HSPA (AT&T) vs. EV-DO (Verizon)

Some folks hate to be offline, and some folks can't afford to be. I suppose I fit somewhere in between. About a month ago, I realized I was going to be doing some significant traveling…probably nowhere near a decent WiFi access point. Thus arose the question…how do you connect back to the office regardless of where your derrière happens to be? There were only a couple of minor requirements:

  • (Good) National 3G (U.S.A.) coverage
  • Minimum top end throughput around 1Mb/s
  • ExpressCard form factor (nothing sexier than a wrist-sized dongle cantilevered off your USB port)
  • Support for Mac OS X

Folks that know me probably are stunned at the last one. As of April 29th I kicked the Dell habit. My regular target of abuse is now a MacBook Pro. But that's a whole other story…

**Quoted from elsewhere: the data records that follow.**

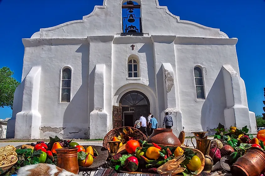 国境沿いにあるもう 1 つの町、サン エリザリオには、西部開拓時代とメキシコが融合した豊かな歴史があります。街中には日干しレンガの白壁が張り巡らされ、その境界線から一歩外に出ると、見渡す限りの綿花畑が広がる。サン エリザリオ プレシディオ チャペルは、古代の木製ドアと湾曲した壁が特徴で、1882 年から使用されています。しかし、その敷地の歴史は 1789 年に設立された元々の礼拝所にまで遡ります。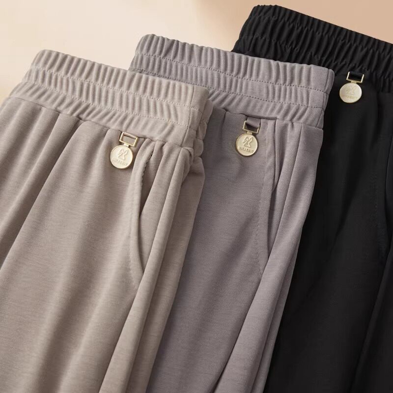 雅鹿妈妈阔腿裤女夏季薄款2026新款九分裤冰丝直筒休闲中老年黑色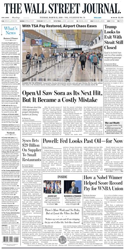 华尔街日报(The Wall Street Journal)2026年3月31日 2026-03-31 英文日报 32 推广 资源下载下载价格1 元VIP免费立即购买温馨提示:本站分享链接类型为永久,链接可能会被官方检测和谐,如果链接失效,将不再重新补链接 常见问题 杂志存储在哪里以加密方式存储在迅雷网盘 0 The Wall Street Journal华尔街日报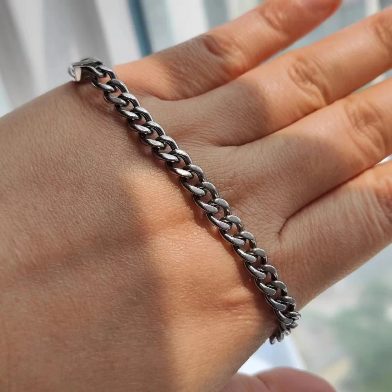 This titanium chain bracelet for men and women is super lightweight for all day wear.

Anywho, those req's really narrowed it down to two players: AT&T and Verizon. Both offer national 3G access at speeds of 1Mb/s or greater. But they take two different approaches to it…

HSPA (High Speed Packet Access)

High Speed Packet Access is really the joining of two different 3G GSM protocols: HSDPA and HSUPA (the D and the U are “downlink” and “uplink” respectively). On AT&T's network, HSPA should give you average speeds around 1.8 Mb/s down and 800 Kb/s up. My experience has been that this is true across their network…as long as you can get a 3G signal. In fact, in some areas (LA and San Antonio) it wasn't uncommon for me to get around 2.2-2.5 Mb/s down. With tower upgrades coming early next year, the downlink speed should boost further to about 7.2 Mb/s. Overall, pretty darn good for no leash. Factor in the fact that HSPA is a 3G GSM standard widely deployed across Europe/Japan and suddenly you've got a great data solution worldwide (an issue given some upcoming trips). Oh, I forgot to mention…some places in Europe have already deployed 14.4Mb/s HSDPA (HSUPA deployment is somewhat spottier).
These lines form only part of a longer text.